How to install autogenu-jupyter on Windows?

On Windows, you need MinGW or MSYS with PATH set, then clone the repository with the --recursive flag and install Python dependencies from requirements.txt. Be prepared for potential compatibility issues with C++ compilers, as noted in the README.

Can autogenu-jupyter handle linear MPC problems?

AutoGenU is designed for nonlinear model predictive control (NMPC) using C/GMRES solvers. While it might work for linear cases, it's optimized for nonlinear dynamics, and other tools like MPC-specific libraries might be more efficient for pure linear MPC.

What's the difference between multiple shooting and single shooting in autogenu-jupyter?

MultipleShootingCGMRESSolver uses condensing of state and costate directions for better numerical stability, while SingleShootingCGMRESSolver is the original C/GMRES method. Multiple shooting is often preferred for complex systems to avoid numerical issues.

How to generate animations like the cartpole demo?

To generate animations, ensure ffmpeg is installed, then run the example notebooks (e.g., cartpole.ipynb). The notebooks include code to save and display GIFs using matplotlib and ffmpeg, as shown in the demo sections.

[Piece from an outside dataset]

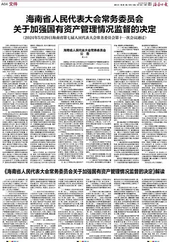 (二)制定《决定》是贯彻落实省委工作要求的具体体现。2018年省委印发《中共海南省委关于建立县级以上人民政府向本级人大常委会报告国有资产管理情况制度的实施意见》,要求建立健全工作机制,不断推进国有资产管理情况报告的规范化程序化,提高我省国有资产管理治理和监督水平。制定《决定》有利于完善监督机制,提升我省人大国有资产监督工作规范化、制度化、法治化水平。

autogenu-jupyter vs. CasADi: which should I use for NMPC?

AutoGenU automates C++ code generation and provides specific C/GMRES solvers, ideal for performance-critical applications and rapid deployment. CasADi offers more flexibility with various solvers and symbolic differentiation but requires more manual integration. Choose based on your need for automation versus solver variety.

How to integrate autogenu-jupyter generated code into a ROS project?

You can integrate the generated C++ code into ROS by including the header-only cgmres library and linking it in your CMakeLists.txt. Examples in the cpp directory provide a starting point for building ROS nodes with the NMPC controllers.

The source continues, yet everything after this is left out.